Study for The Young Fishers by William McTaggart (1835-1910) loosely captures three children through quick, layered strokes of watercolour. The colour tones of the piece are in individualized groupings, reflective of the studied nature in which the work was painted. The focus is primarily on the children, with the colours of their clothing, and the actions they are performing.

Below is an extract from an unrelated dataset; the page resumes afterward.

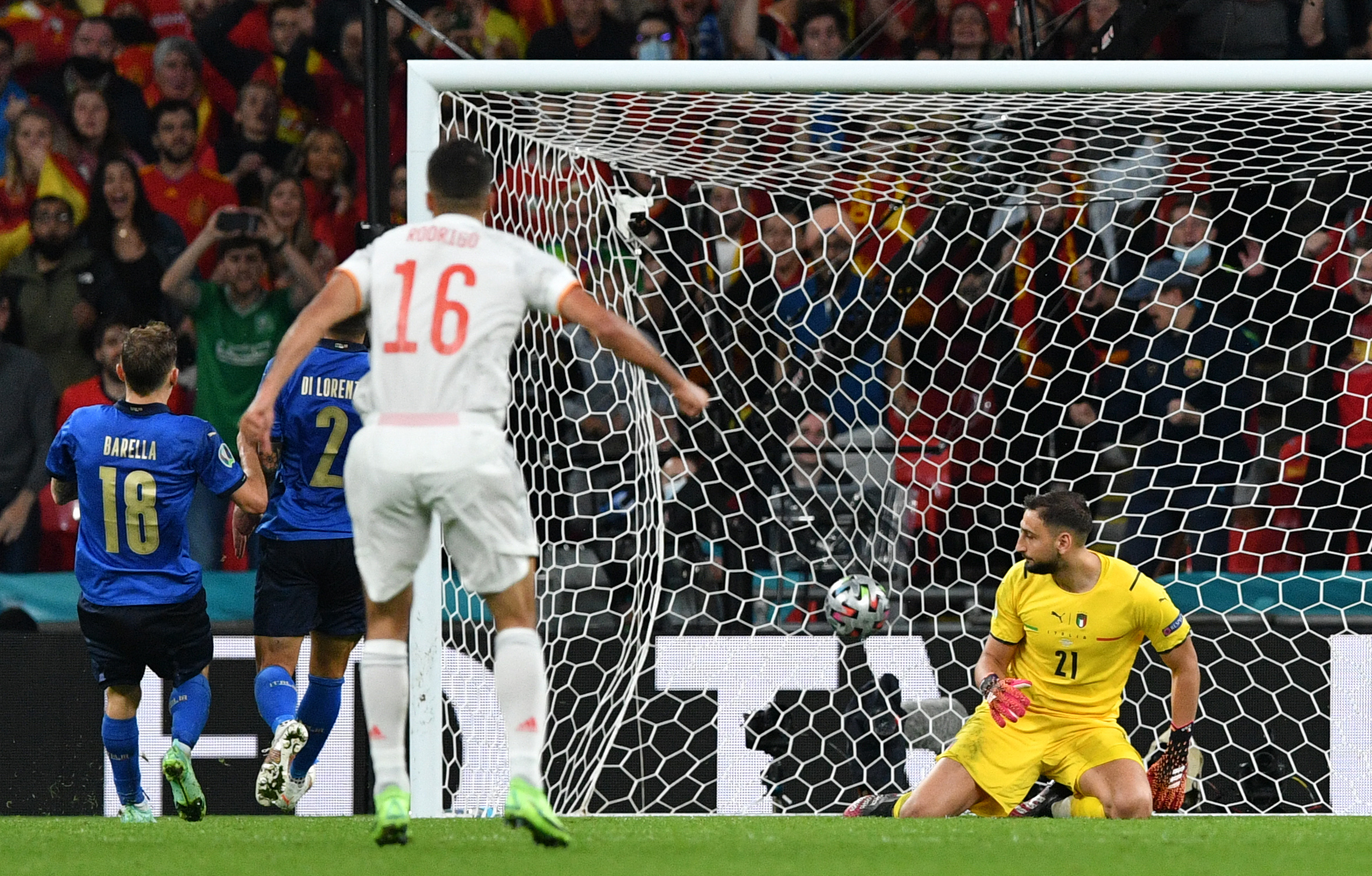 خطف منتخب إيطاليا بطاقة التأهل للمباراة النهائية ببطولة كأس أمم أوروبا، عقب الفوز على إسبانيا بركلات الترجيح بنتيجة (4-2)، بعد نهاية الوقت الأصلي والإضافي بالتعادل (1-1) في نصف نهائي المسابقة.

This study formed the basis for the final work, A Day's Fishing: Morning, 1866, with slight differences in that the oldest child in the final work is not holding a basket and the child on the right is stepping on a rock, which is not present in this study. It shows McTaggart's prominence as a practiced painter, who prepared for his paintings that often focused on rural life. This study also shows attention to the placement of shadows, which give the final piece the illusion of depth it needs to appear slightly realistic.
William McTaggart
1866
Watercolour on paper
1019
13.2 × 17.6 cm
29 × 35 × 5.5 cm
Signed bottom right
William McTaggart RSA VPRSW, 1835-1910
McTaggart is probably the most outstanding and innovative landscape painter Scotland has produced, and has been an important influence on successive generations of Scottish painters. In a career spanning over half a century he displayed an exceptional pattern of consistent development. His early work was influenced by the Pre-Raphaelites, but gradually his technique became looser and he developed his own version of Impressionism. His later work bordered on expressionism. Unlike most of his contemporaries McTaggart did not move to London but spent almost his entire life painting in Scotland. He lived in Edinburgh until 1889, when he moved to Broomieknowe, then in the countryside to the south of the city.

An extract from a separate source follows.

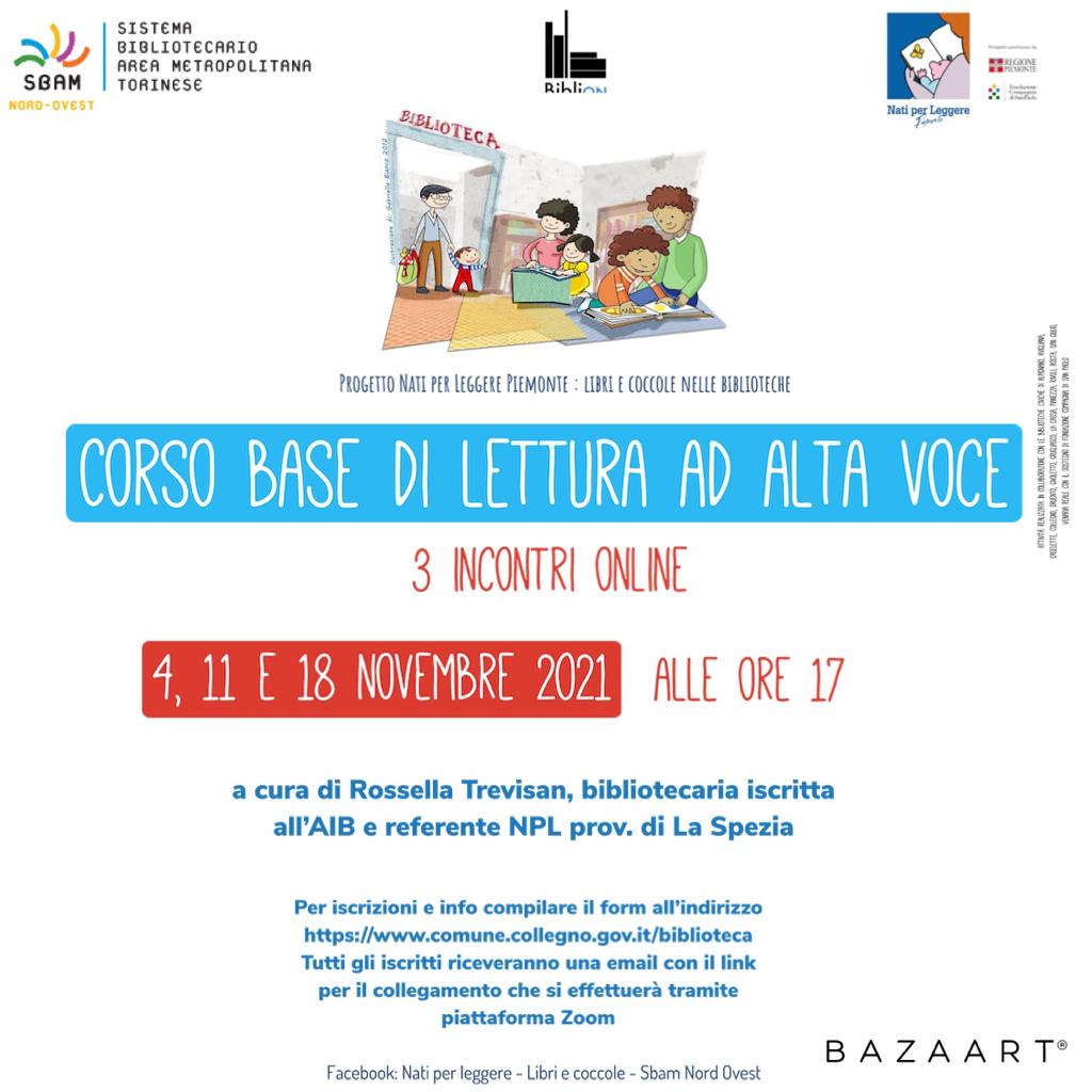 Nell'ambito del progetto "Nati per leggere" le biblioteche dell'Area Nord Ovest del Sistema Bibliotecario dell'Area Metropolitana (SBAM) hanno organizzato un corso base online di lettura ad alta voce, rivolto a genitori, educatori, volontari e bibliotecari, a cura di Rossella Trevisan - bibliotecaria iscritta all'AIB e referente NpL provincia di La Spezia; il corso si articola in tre giornate, 4 - 11 e 18 novembre 2021 dalle ore 17 alle ore 19 in modalità online.

He was born in Aros, Kintyre, the son of an impoverished crofter. When he was twelve he was apprenticed to a Campbeltown apothecary, who recognised his natural talent for drawing and introduced him to the Glasgow painter Daniel Macnee. The latter advised McTaggart to enrol at the Trustees' Academy in Edinburgh, which had just appointed Robert Scott Lauder as its co-director, where his fellow students included Hugh Cameron, George Chalmers, Tom Graham and John Pettie. At the academy McTaggart won several prizes for drawing. Although classes were free, he supported himself by accepting portrait commissions, both while a student and later when he married and had a large family. However, as soon as he felt financially secure he concentrated on landscape and seascape, limiting portraiture as much as he could to family and close friends.